An employee of a small town "liberry" chronicles his quest to remain sane while dealing with patrons who could star in a short-lived David Lynch television series.

Monday, April 02, 2007

Been Locked Out

Having now owned it for 12 weeks or so, I find I still really love my Mp3 player, the Creative Zen Vision-M which I have dubbed Juice's Vision. It has, however, required something of an adjustment to my life that has not been without problems.

I take my Vision practically everywhere I go—cause you never know when you're really going to need to listen to an episode of This American Life—so I almost always listen to it during my 15 minute comute. Remembering to take it in the house with me when I return home, though, is a newly added step to the usual steps I have to take in parking my car. It's actually even more complicated than that.

By now in my driving career, the steps of parking my car—putting it in park, turning it off, taking the keys out of the ignition, remembering to lock the doors, etc.—are so ingrained that I don't have to think about them to perform them. Adding the Vision into the mix, though, adds quite a few more steps than simply remembering to take it into the house. I have to first bookmark the Podcast I was listening to (making sure to bookmark it over it's previous bookmarked position and not start a new position to clog up my list of other bookmarks), then turn the player off, disconnect it from its audio cable and cram it in a pocket, then make sure I've done all the other steps for parking before heading into the house.

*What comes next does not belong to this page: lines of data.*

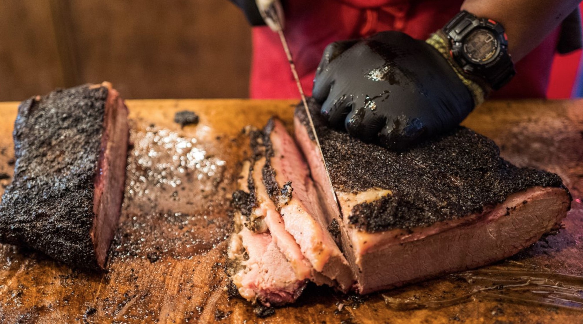 I have watched some of the Texas Pit Master TV shows, and it seems to involve long hours (usually a day or more) of basting big lumps of meat over low heat (50-80°) in a wood-fired smoker. The smoke comes from oak, beech, hickory, mesquite, pecan, alder, maple, and fruit tree woods, such as apple, cherry, and plum. It imparts an intense, deep, smoky flavour to the meat. These pit masters are the experts, and unfortunately, no home device will ever replicate that technique.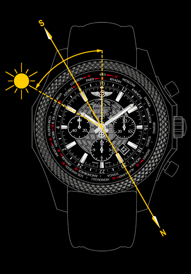Циферблат часов «Breitling Bentley B05 Unitime Midnight Carbon» можно использовать в качестве солнечного компаса для определения сторон горизонта, при этом в регионах, используемых летнее время, необходимо учитывать поправку времени на один час.
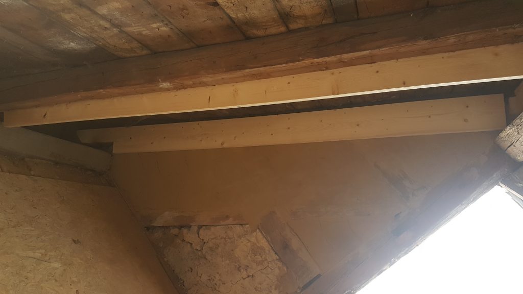 Also diese soweit fertigstellen, dass die Dampfbremsfolie eingezogen werden kann. Zum Thema Dämmung muss ich ja nicht mehr viel sagen… es ist ein notwendigen Übel, aber es bleibt einfach furchtbar. Vor allem, wenn man Schrägen mit vielen Ecken und Diagonalen hat… Ihr wisst ja schon: es juckt! Überall. Aber v.a. in den Augen! Aber es geht voran! Am Ende der Woche sind nurmehr drei Sparren übrig, die noch frei bleiben, weil die daran anschließenden Giebelwände erst noch mit Lehm geputzt werden müssen. Und natürlich eben diese Giebelwände. Sonst alles gedämmt!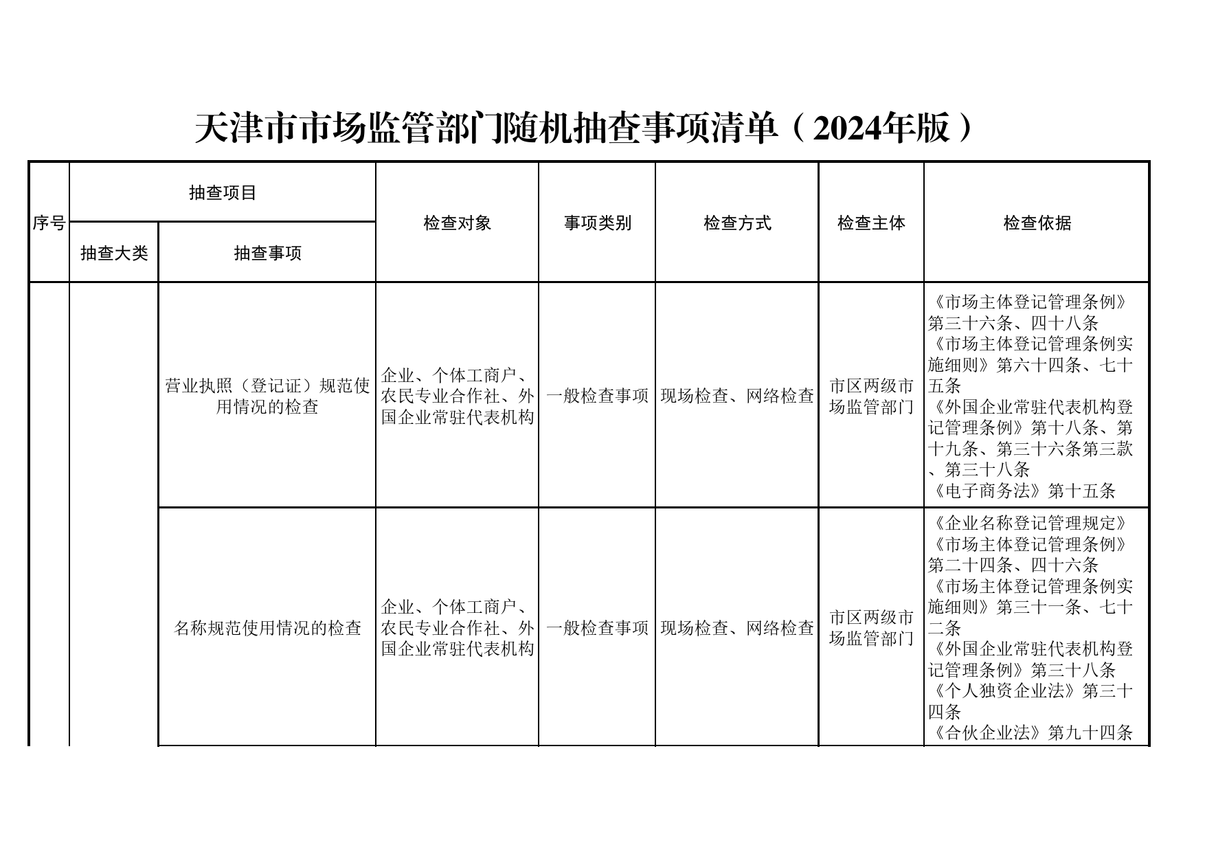 天津市AG真人部门随机抽查事项清单(2024年版)

These additional steps sometimes prove too much for my feeble brain, which only seems interested in counting how many steps I've done, not whether or not they were the correct steps. As a result, I've occasionally found myself forgetting to put my car in park first before attempting to turn it off, or forgetting my keys in the ignition, or forgetting to turn the car off at all. Granted, I've gotten better about that over the weeks of Vision ownership, but it still plays havoc once in a while, particularly if I add even more steps to the process.

Take Friday.

Before work I popped down to the courthouse to renew my license plate. No problem there. On the way home, after work, I talked to my wife via cell phone. She said she had about an hour's more work. I figured I'd go home, start dinner and have it ready by the time she got there. I pulled into my driveway, put the car in park, took my keys out of the ignition, bookmarked my podcast, disconnected the player from its audio cable, made sure to put both the player and headphones into my shirt pockets, put my cell phone into its pocket, put away my new registration and proof of insurance, gathered up my new license plate sticker, fished out my container of Wet Ones with which to wipe the old sticker before applying the new one, opened the driver's side door being sure to lock it with the Lock-All-Doors thingy, climbed out, closed the door, headed back to the license plate and I was just pulling a Wet One from its container when I realized I'd left my keys in the car. Oh, sure, I'd remembered to take them out of the ignition, but I'd not kept them in my hand because of all the other steps I needed my hands for. They were left lying on the passenger seat.

Because we've not gotten around to hiding a spare key outside again and because we've long since fixed our security oversight that allowed us to break into our own house nearly 2 years back, I was well and truly screwed.

"I locked my damn self out of the car and the house," I said after phoning my wife back. I figured I might as well fess up, as she would find out sooner or later. She laughed at my dumbassity and offered to drop her work and come home early, but I declined. After all, it was a very nice day, the sun was shining, the air was warm, we had only just reinstalled the cushions into the patio furniture, and I had my Vision and headphones at hand. What more could I need to while away an hour than the crisp nasal voice of Ira Glass?

1 comment:

Lisa said...

Ira Glass rules. You may be selling me an MP3 player just with the lure of listening to more This Life. (The extra steps in getting out of the car: not so appealing.) If one of their occassional road tours ever hits your neck of the woods: Go.